Disillusion with politics is fuelling extremism, young Muslim leader warns
Extremist ideology is being fuelled by disillusion with politics, a young leader with the Kofi Annan Foundation has said.
Fatima Zaman said there was a need to recognise the roots of all extreme views, and it was the country's tolerance and respect for different cultures that made Britain great.
"Across the entire spectrum, from the far right, the far left and Islamist inspired extremism, there exist certain commonalities.
"Irrespective of the type of terrorist organisation, extremist ideology is fuelled by discontent, social fragmentation and a disillusion with the political order of the day," the 23-year-old east Londoner said.
Ms Zaman, who will speak at a gathering of young people with leadership potential at the One Young World Summit in Ottawa, Canada, this week, was driven to tackle extremism following the July 7 bombings in London.
Through her work as a civil servant, and with the Kofi Annan Foundation initiative Extremely Together, she aims to show "there is only so far hate can travel".
She said: "There is an onus on the media and society to drown out extremism by amplifying the voices of reason, using positive stories to defeat extremism and by offering a better alternative narrative.
"This is exactly what Extremely Together aims to do. We are not just stating what we are against, but also what we are for."
Engaging young people in discussion about subjects such as foreign policy, often held up as a reason men and women travel to join organisations like Islamic State (IS), is an effective means of discouraging extremist views and encouraging critical thinking, Ms Zaman added.
"The extremists state that being British directly contradicts being Muslim and that the two identities should always be at war. But the great thing about being British is tolerance for other cultures, understanding of difference and respect for culture," she said.
"There is so much diversity in the UK and we as a nation celebrate our differences.

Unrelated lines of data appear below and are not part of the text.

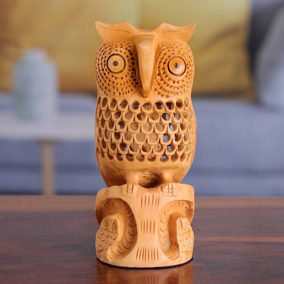 Jali Art Sculpture Hand Carved in India 'Night Owl Mom' Item ID: 2671794360
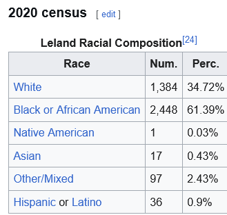 Leland’s population is just over 60% black but the high school is 94% black? This means that either the non-black population does not have school-age children, or (the more likely explanation) non-blacks are keeping their children out of the public schools almost entirely. All of the other towns cited herein show the same disproportion of black students to black population.
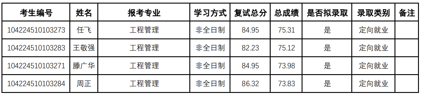 工程管理专业非全日制专业学位硕士研究生复试线为:
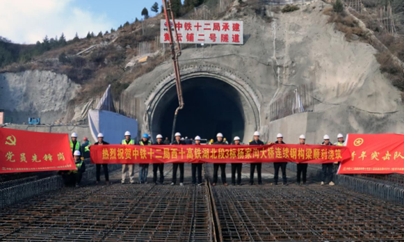 12月17日,西十高铁湖北段XSZQ-3标二分部承建的杨家沟双线钢结构连续梁大桥顺利开盘浇筑。
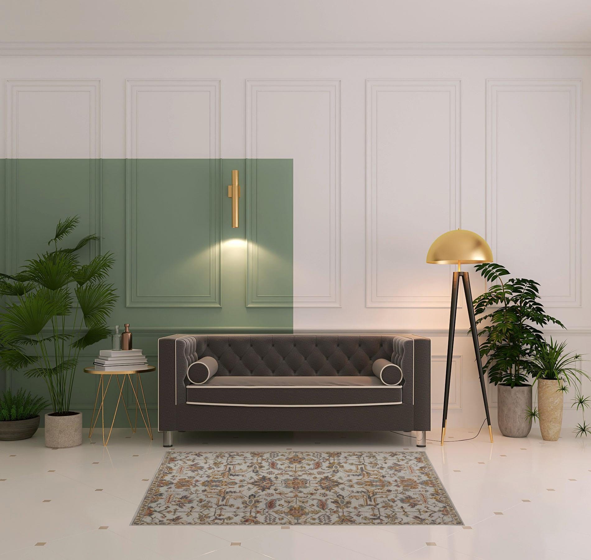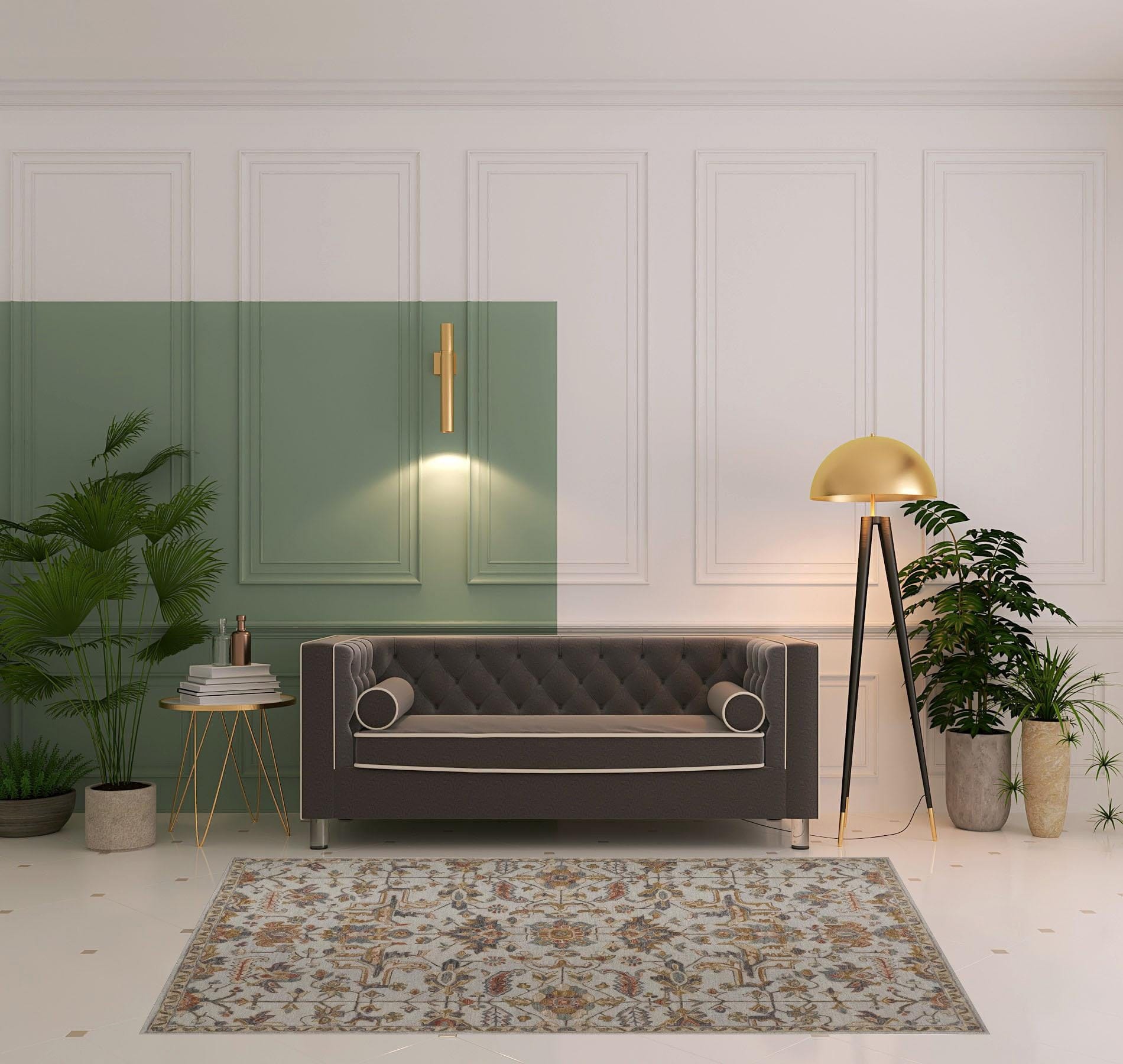 Add some artistry to your room with this 4' x 6' gray and gold wool floral tufted handmade stain resistant area rug. This rectangle shaped rug features a floral design in gray and gold to give it visual interest. A classic shape marries with good looking design for your space Ideal for spaces with kids and pets, this rug is stain resistant to help repel stains and spilled liquids. Place this area rug against a hardwood or tile floor and it will enliven your living space with style and sophistication. 0.37" H x 48" W x 72" D

It's particularly important for me to highlight my different identities and show how I am comfortable with being both British and Muslim.
"I am the representation of a balance, of peaceful co-existence and it is this that allows me to challenge the extremists' claims that being Muslim is not compatible with being British."
The One Young World Summit brings 1,300 young leaders from around the world together to discuss issues from climate change and extremism to animal rights and poverty, with pledges made to be acted on throughout the year.
Speakers at the four day event this week include Sir Bob Geldof, Cher and Kofi Annan.